That was a whirlwind tour of Rancher.  Here's a great operational resource for new Rancher users:

https://ranchermanager.docs.rancher.com/pages-for-subheaders/new-user-guides

At this point you have a great manager of clusters, but no clusters to manage.  Next we work on adding a small Harvester cluster.

Monday, February 27, 2023

Rancher Suite K8S Adventure - Chapter 011 - Install Rancher on RKE2 cluster

Rancher Suite K8S Adventure - Chapter 011 - Install Rancher on RKE2 cluster

A travelogue of converting from OpenStack to Suse's Rancher Suite for K8S including RKE2, Harvester, kubectl, helm.

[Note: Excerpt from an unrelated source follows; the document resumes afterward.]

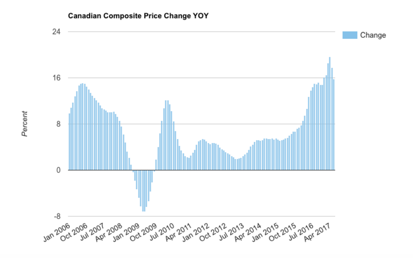 另一方面则是价格上涨的放缓。目前加拿大全国各地的房价基本持平于前一个月。如果你在加拿大购买一处普通的住宅,目前的价格是616500加元。这个数字虽然比去年同期增长了15.8%,但相比前一个月则下降了0.3%。虽然这仍然是一个相当不错的同比增长,但15.8%的增长意味着增长减速。
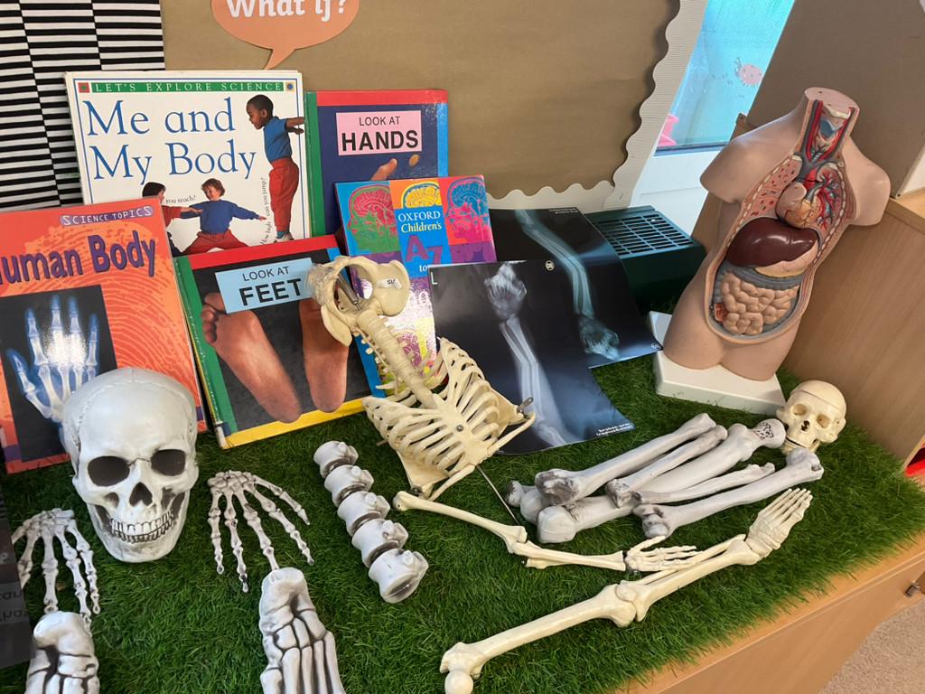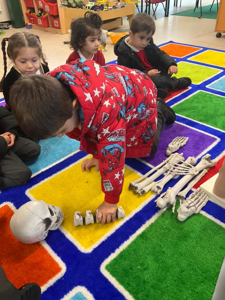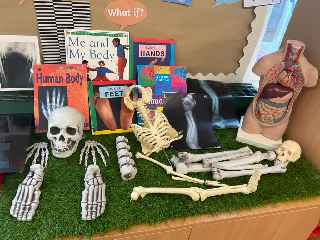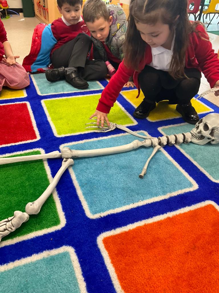 After reading the book, “Funny bones”, the children had to put the bones of the skeleton together in the correct order. They observed and identified the different parts of the skeleton. They also looked at the X-rays to identify parts of the skeleton.

The next step is to install Rancher on the RKE2 cluster.  Happily, this is the simplest step of the entire series, so far.

The references are:

https://www.rancher.com/products/rancher

https://ranchermanager.docs.rancher.com/

https://ranchermanager.docs.rancher.com/getting-started/quick-start-guides/deploy-rancher-manager/helm-cli

https://ranchermanager.docs.rancher.com/pages-for-subheaders/install-upgrade-on-a-kubernetes-cluster

There's really only one line to run, admittedly a very long line:

helm install rancher rancher-latest/rancher \
  --namespace cattle-system \
  --version 2.7.1 \
  --set hostname=rancher.cedar.mulhollon.com \
  --set replicas=1 \
  --set bootstrapPassword=ThisIsNotMyRealPassword

Obviously your hostname and password and maybe even requested version will be different than the above.  Don't use a real password, I will explain later.

Lets watch the process of the install:

kubectl -n cattle-system rollout status deploy/rancher

Note this will take awhile... at least five minutes in my experience.

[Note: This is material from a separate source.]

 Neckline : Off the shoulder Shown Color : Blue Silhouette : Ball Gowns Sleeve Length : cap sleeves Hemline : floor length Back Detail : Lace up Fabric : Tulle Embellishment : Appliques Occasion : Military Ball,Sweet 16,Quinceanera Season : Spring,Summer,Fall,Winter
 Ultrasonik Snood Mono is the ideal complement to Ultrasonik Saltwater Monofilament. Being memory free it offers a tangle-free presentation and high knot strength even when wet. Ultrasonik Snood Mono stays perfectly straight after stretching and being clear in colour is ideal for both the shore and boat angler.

Remember when I noted that you should not use a "real" password for the bootstrap password?  Try this command line:

kubectl get secret --namespace cattle-system bootstrap-secret -o go-template='{{.data.bootstrapPassword|base64decode}}{{"\n"}}'

Oh.  That's why.  Although I suppose anyone who has root or kubectl access on your cluster pretty much owns the cluster and everything on it anyway so not much loss in having the password in there.

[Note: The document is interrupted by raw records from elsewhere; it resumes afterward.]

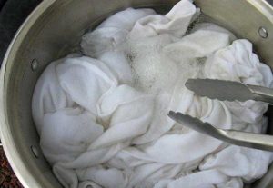 великий оцинкований бачок. Замість порошку при вываривании використовувати господарське мило. З 200 г мила готується стружка і розводиться в 5-7 літрах води, для посилення ефекту додайте 2 ст. л перекису водню або нашатирного спирту.
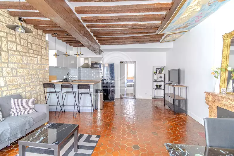Au 1er étage d'un petit immeuble, charmant 2 pièces de 49m2 comprenant une entrée, un vaste séjour salle à manger avec cheminée, tomettes d'origine et poutres apparentes, une cuisine américaine entièrement équipée, une chambre donnant accès à une terrasse sans vis à vis de 7m2 et exposée SUD-EST ainsi qu'une salle d'eau récente avec sèche serviette, machine à laver et WC.
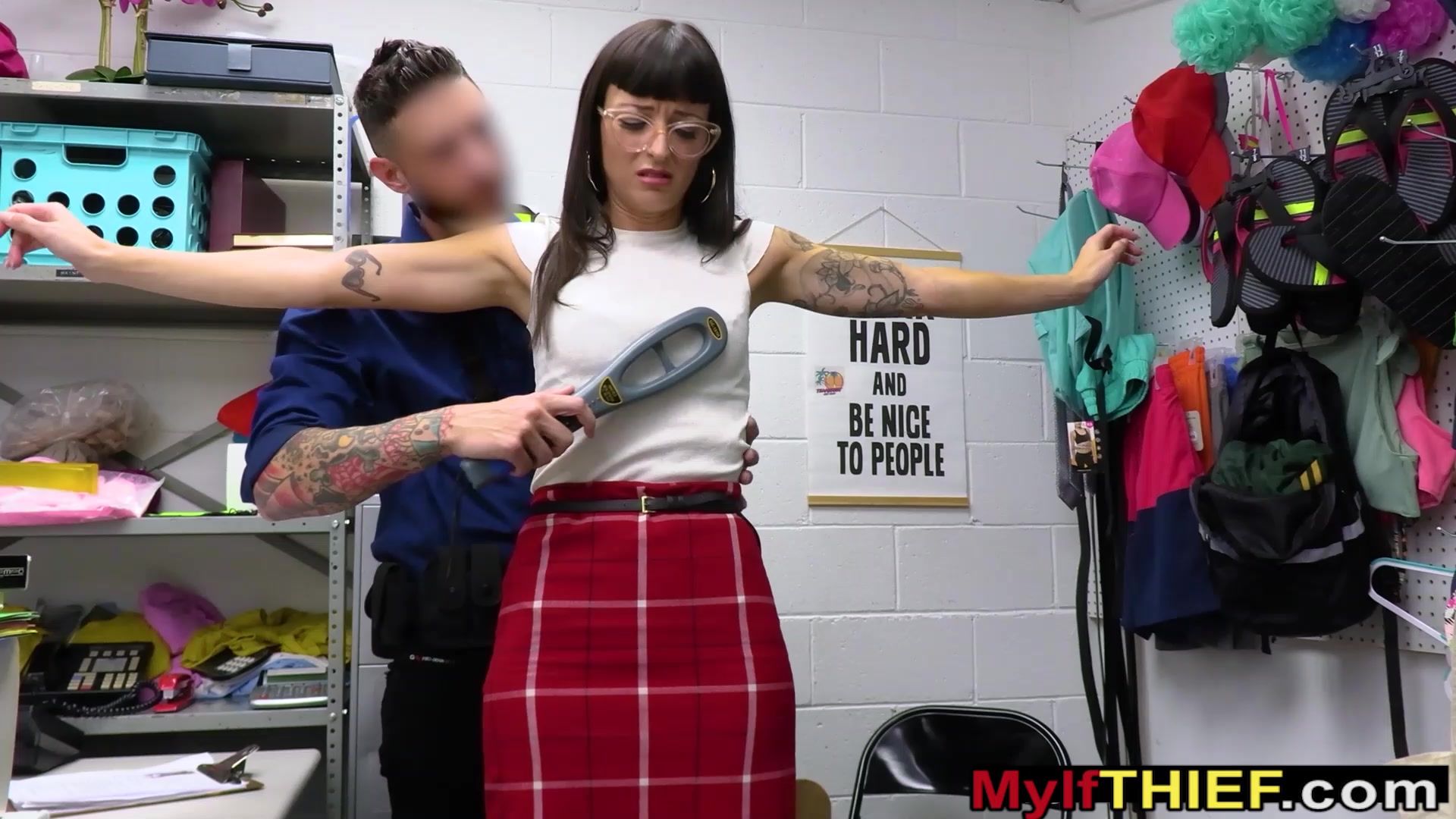LP officer is questioning a bespectacled MILF thief Charlie Valentine with tiny tits when he discovers that she is his stepsons teacher The slut takes his big cock and after a deepthroat blowjob she lets him to fuck her roughly to keep his mouth shut
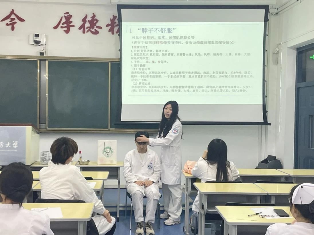 本次培训主要包括四部分内容,分别是中医穴位辨识、基础按摩推拿示教、血压测量和刮痧。薛志龙同学讲解如百会穴、阿是穴等中医常用保健穴位的定位方法及主治功效,及一种家庭保健揉腹手法。曲子涵同学现场详细演示并讲解基础按摩推拿的操作手法。胡双同学围绕刮痧的部位、力度和手法进行了重点讲解,同时还介绍了血压计的使用方法及相关注意事项。主讲团队在学员们分组实操模拟时针对学员们在操作过程的难点和易错点进行纠正,确保正确掌握培训内容。

Tomorrow we're done with the CLI and installation tasks; its time to tour Rancher!

Friday, February 24, 2023

Rancher Suite K8S Adventure - Chapter 010 - Cert-Manager

Rancher Suite K8S Adventure - Chapter 010 - Cert-Manager

A travelogue of converting from OpenStack to Suse's Rancher Suite for K8S including RKE2, Harvester, kubectl, helm.

The next step is to install cert-manager on the new Rancher RKE2 cluster.

The references are:

https://ranchermanager.docs.rancher.com/getting-started/quick-start-guides/deploy-rancher-manager/helm-cli

https://www.jetstack.io/open-source/cert-manager/

https://cert-manager.io/docs/

Add the repo for jetstack and rancher:

helm repo add rancher-latest https://releases.rancher.com/server-charts/latest
helm repo add jetstack https://charts.jetstack.io
helm repo update

then verify:

vince@ubuntu:~$ helm repo list
NAME                 URL                                              
rancher-latest       https://releases.rancher.com/server-charts/latest
jetstack                https://charts.jetstack.io   
vince@ubuntu:~$ 

Create the namespace for rancher, we'll create the ns for jetstack as part of the install:

kubectl create namespace cattle-system

then verify

vince@ubuntu:~$ kubectl get namespaces | grep cattle-system
cattle-system     Active   30s
vince@ubuntu:~$ 

Next install the CRDs (Custom Resource Definitions) used by cert-manager:

kubectl apply -f https://github.com/cert-manager/cert-manager/releases/download/v1.7.1/cert-manager.crds.yaml

Finally have helm create the cert-manager namespace (could have made it above... whatever) and install cert-manager:

helm install cert-manager jetstack/cert-manager \
  --namespace cert-manager \
  --create-namespace \
  --version v1.7.1

Lets take a look at the cert-manager namespace:

vince@ubuntu:~$ kubectl get all --namespace=cert-manager
NAME                                           READY   STATUS    RESTARTS   AGE
pod/cert-manager-646c67487-kmrml               1/1     Running   0          112s
pod/cert-manager-cainjector-7cb8669d6b-wjdcz   1/1     Running   0          112s
pod/cert-manager-webhook-696c5db7ff-slrsv      1/1     Running   0          112s

NAME                           TYPE        CLUSTER-IP      EXTERNAL-IP   PORT(S)    AGE
service/cert-manager           ClusterIP   10.43.61.195    <none>        9402/TCP   112s
service/cert-manager-webhook   ClusterIP   10.43.207.185   <none>        443/TCP    112s

NAME                                      READY   UP-TO-DATE   AVAILABLE   AGE
deployment.apps/cert-manager              1/1     1            1           112s
deployment.apps/cert-manager-cainjector   1/1     1            1           112s
deployment.apps/cert-manager-webhook      1/1     1            1           112s

NAME                                                 DESIRED   CURRENT   READY   AGE
replicaset.apps/cert-manager-646c67487               1         1         1       112s
replicaset.apps/cert-manager-cainjector-7cb8669d6b   1         1         1       112s
replicaset.apps/cert-manager-webhook-696c5db7ff      1         1         1       112s
vince@ubuntu:~$ 

Obviously you'll have different IP addresses and times above, but it should look similar, plus or minus obvious blogging platform formatting issues.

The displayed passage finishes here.